The study published Monday in the journal Proceedings of the National Academy of Sciences.
Never seen in a ‘biological context’
“This mineral has only been observed in geological specimens in very tiny amounts and has never before been seen in a biological context,” said Derk Joester, senior study author and associate professor of materials science and engineering in Northwestern University’s McCormick School of Engineering, in una dichiarazione.
“It has high water content, which makes it strong with low density. We think this might toughen the teeth without adding a lot of weight.”
Using multiple methods of analysis at the Argonne National Laboratory’s Advanced Photon Source and the Northwestern University Atomic and Nanoscale Characterization and Experiment Center, both in Illinois, the researchers found the mineral in the chiton’s upper stylus. In chiton, the stylus connects the tooth to the radula.
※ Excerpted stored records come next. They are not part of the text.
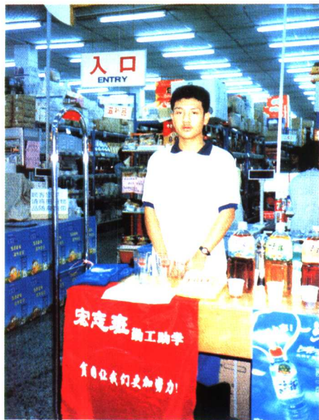
宏志班学生在打工现场
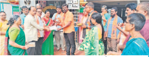
రాముడి అక్షింతలను ఇంటింటికీ వితరణ చేస్తున్న భక్తులు

కాప్రా, జనవరి 4: అయోధ్య శ్రీరామ జన్మభూమి తీర్థ క్షేత్ర ట్రస్ట్ కుషాయిగూడ ఆధ్వర్యంలో అయోధ్యరాముడి అక్షింతలను, కుషాయి గూడ సాయిమిత్ర టవర్స్ లో శ్రీరామస్వర్ణ అక్షింతలను గురువారం వినాయక ఆలయంలో భక్తులు పూజలు నిర్వహించారు. అనంతరం భక్తులు అక్షింతలతో ఊరేగింపు నిర్వహించి ఇంటింటికీ వితరణ చేశారు.
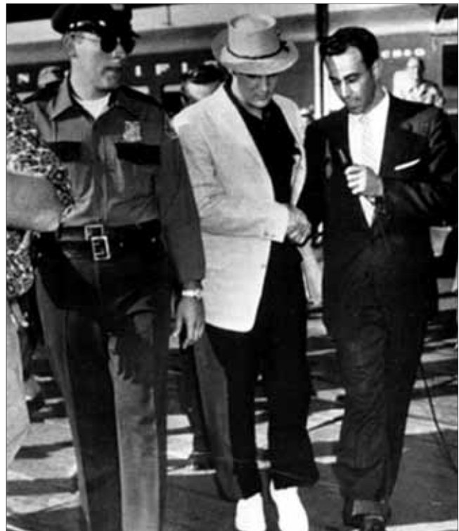
Elvis - Portland - 2. September 1957
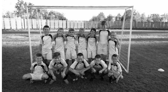
Futbalisti prípravky U 11

Do zápasu sme nastúpili s prílišným rešpektom, bez nasadenia a hneď od začiatku sme sa prispôbili súperovi. Hlavne ma mrzí, že aj starší hráči sa prispôbia, namiesto toho, aby išli futbalovým príkladom mladším chalanom. Ako som spomenul na začiatku, mladší hráči ešte len zbierajú zápasovú prax, a tak verím, že poctivým tréningom a samotnými zápasmi to bude len a len lepšie. Musíme preniesť nasadenie z tréningových jednotiek do zápasu a ne-
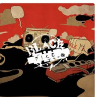
BLACK FILE SPACE SHOWER
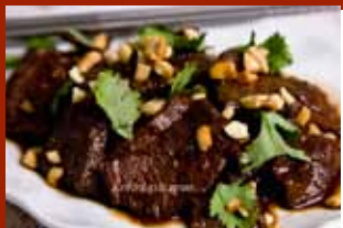
Bò xào cay
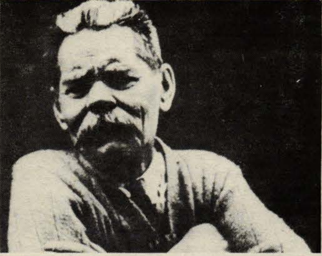
Yunanlı besteci Mikis Teodorakis'le bir söyleşi
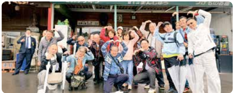
▲ 春旅期間訪問日本神戶西神社，兩社舉行聯合例會。本社受到姊妹社的熱情款待，充分展現兩社間深厚的友誼與良好的交流，進一步鞏固國際扶輪的合作精神。
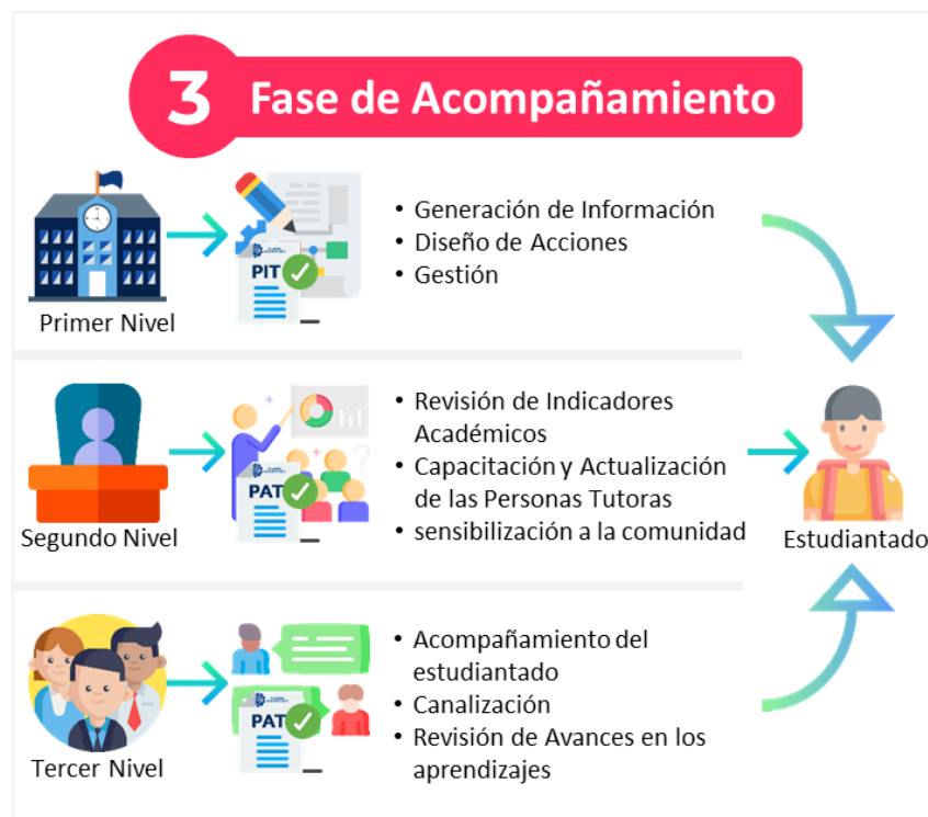
Figura 4. Fase de Acompañamiento del Proceso de Tutorías. Elaboración Propia.

Para las modalidades semipresenciales y virtual, se adicionan como directrices la inducción a la modalidad y herramientas tecnológicas en el primer ingreso, orientación sobre el manejo de las TIC's, monitoreo de presencia y actividad del estudiantado en plataformas, incentivo a la motivación y elaboración del plan de trabajo.

“The stylus is like the root of a human tooth, which connects the cusp of our tooth to our jaw,” Joester said. “It’s a tough material composed of extremely small nanoparticles in a fibrous matrix made of biomacromolecules, similar to bones in our body.”
Learning from chiton engineering
Inspired by this material, Joester and his research group wanted to recreate it as ink for 3D printing. The ink includes iron and phosphate mixed into a natural substance produced by chiton. When the ink dries, it creates a stiff material.
“We’ve been fascinated by the chiton for a long time,” Joester said. “Mechanical structures are only as good as their weakest link, so it’s interesting to learn how the chiton solves the engineering problem of how to connect its ultrahard tooth to a soft underlying structure.
“This remains a significant challenge in modern manufacturing, so we look to organisms like the chiton to understand how this is done in nature, which has had a couple hundred million years of lead time to develop.”